“SEVEN DEAD BABIES A DAY”: ECONOMIC COLLAPSE HAS TURNED VENEZUELAN HOSPITALS INTO THE WORST HORROR FILM YOU CAN IMAGINE

Monday, May 16, 2016
By Paul Martin

PIPER MCGOWIN
THE DAILY SHEEPLE
MAY 16, 2016

The crippling economic crisis in Venezuela is reaching a critical tipping point. Due to the oil collapse, socialism has failed the country and thousands of people are dying as the nation’s hospitals have turned into real-life nightmares scarier than most fiction horror films.

Because there’s no money for supplies like clean linens, soap, toilet paper, medical supplies like disposable gloves or even basics like a clean sheet of paper, let alone medicines such as intravenous solutions and antibiotics, and because the country is suffering rolling blackouts and money-saving government-imposed “holidays” that only leave people with two days of reliable electricity a week, the ill and wounded including newborn babies are dying left and right in Venezuela’s crippled hospitals.

The story in The New York Times might as well have been written by Stephen King, except that it is happening right now in real life.

Here are just a few of the horrifying highlights.

Incubators don’t work. Because the respirators don’t work without electricity, when the power goes out in continuous blackouts, doctors are forced to pump air by hand into premature babies and newborns to keep them alive. Some sit doing this all night long in the dark just to try and keep these babies breathing. Every day, more babies die this way… for such an utterly preventable reason. The rate of death for babies under a month old has increased 100-fold this past year over 2012 figures.

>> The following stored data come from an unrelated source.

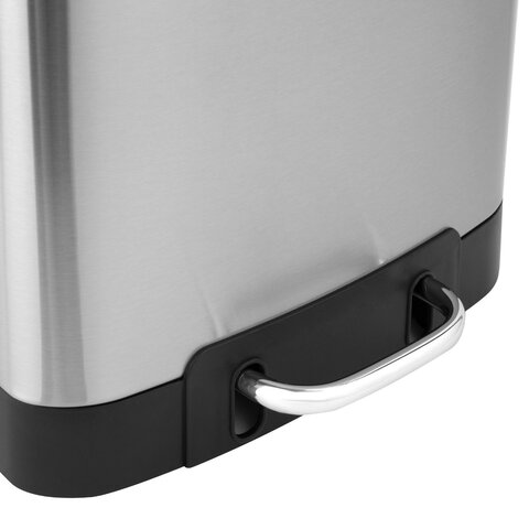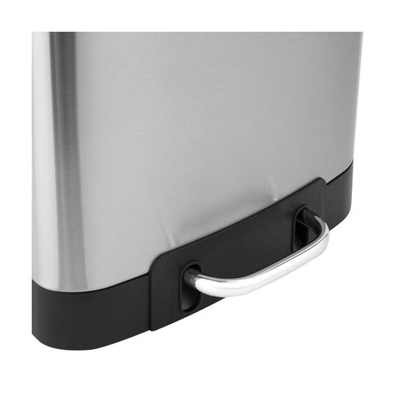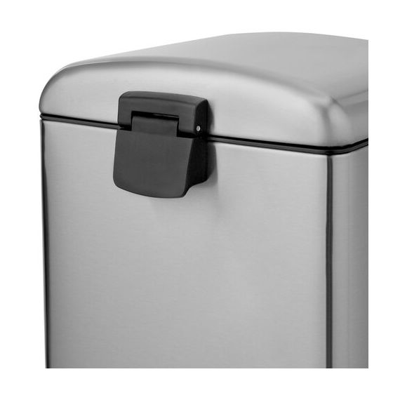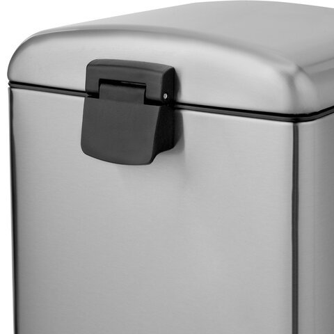 Корпус и крышка ведра изготовлены из матовой нержавеющей стали SS410, на которой не остаются отпечатки пальцев. Ведро устойчиво благодаря антискользящим вставкам. Оборудовано удобной педалью для открывания, позволяя вам выбрасывать мусор, не прикасаясь к ведру. Благодаря встроенному доводчику крышка закрывается плавно и бесшумно. Крышка плотно прилегает к ведру, препятствуя распространению запахов. Внутреннее съемное пластиковое ведро на 6 л имеет специальное отверстие на задней стенке для фиксации мусорного пакета.
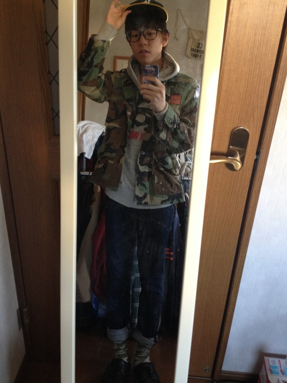 今日は迷彩! 迷彩ジャケット 古着 渋谷のaNiKi 迷彩パーカー ユニクロ 迷彩柄の靴下 ラルフローレン デニム ユニクロ レザーシューズ Casper John キャップ 古着 HAIGHT&ASHBURY 黒縁メガネ レイバン ところどころに迷彩柄をいれてアクセントに。 迷彩柄のプルオーバーのパーカーはユニクロで売っているのでおすすめですよ(^O^)笑
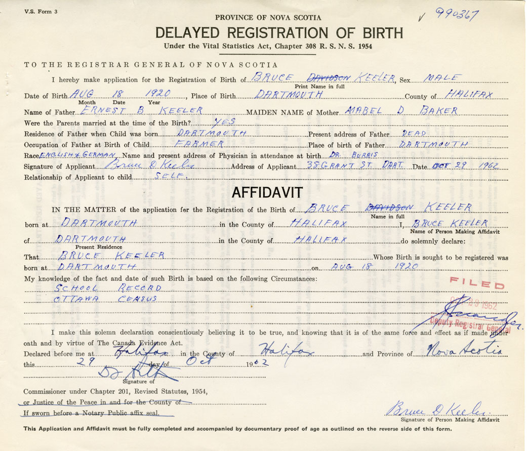 Date of Birth August 18, 1920 Place of Birth DartmouthCounty of Halifax
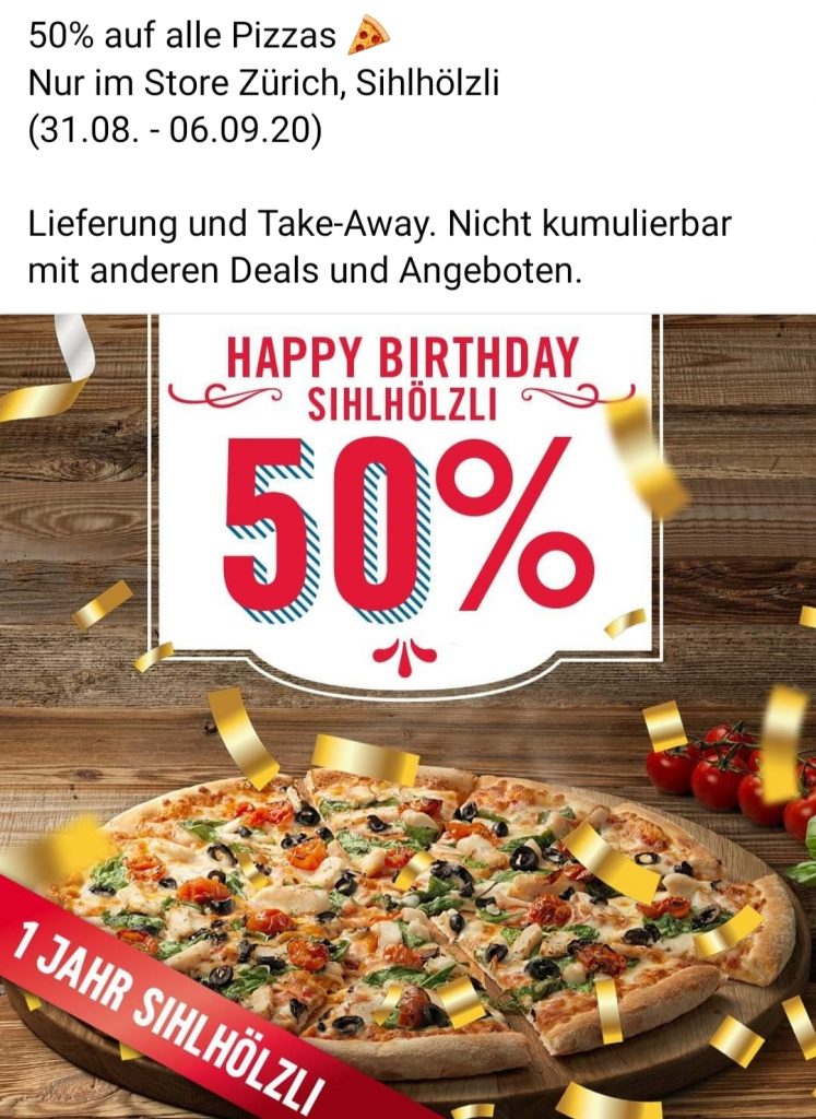 Zur Feier von 1 Jahr Domino’s Pizza am Standort Sihlhölzli ZH gibts derzeit alle Pizzen im Takeaway und bei Lieferung zum halben Preis. Ich habe zunächst flüchtig eine Werbung auf Facebook dazu gesehen, habe aber vergessen einen Screenshot davon zu machen. Ich denke aber, dass die Aktion bis Ende September gilt. Die Aktion gilt eine Woche lang, bis zum 6.9.

Others have died from lack of simple, inexpensive medicines like antibiotics, one of the cheapest pharmaceuticals on the planet. Pharmacy shelves are completely empty due to lack of now unaffordable imports, and doctors and nurses are forced to give patient families a list of stuff to attempt to attain on the black market and bring back to the hospital to keep their loved one from dying… if they can scrounge up the ability to afford the insane black market prices for simple items like soap and toilet paper.

Still others, like the father of a five-year-old girl with cancer, have been rendered unable to afford his daughter’s intravenous solutions which have skyrocketed 16 times the price of what they used to cost just a year ago. He is, instead, forced to watch her slowly die a horrible and up until recently prevented death. People watch their loved ones die in front of them in Venezuelan hospitals on a daily basis for what should otherwise be an inexpensive, preventable reason in a sane world.

Many hospitals are over capacity, some at double capacity. Patients are lining the halls, some laying in pools of their own blood because there are no beds. Those who get beds are forced to lay on rotting mattresses with filthy, unchanged linens. One of these patients, 68-year-old diabetic Rosa Parucho, found her back covered in sores because of it. This, however, is the least of her worries; because the dialysis machine she needs is broken, infection spread to her feet which both turned black and will have to be removed before she dies of septic shock.

A 21-year-old named Samuel Castillo showed up needing a simple blood transfusion; because the government had declared that particular day yet another “holiday” to save money, the blood bank was closed. He died that night.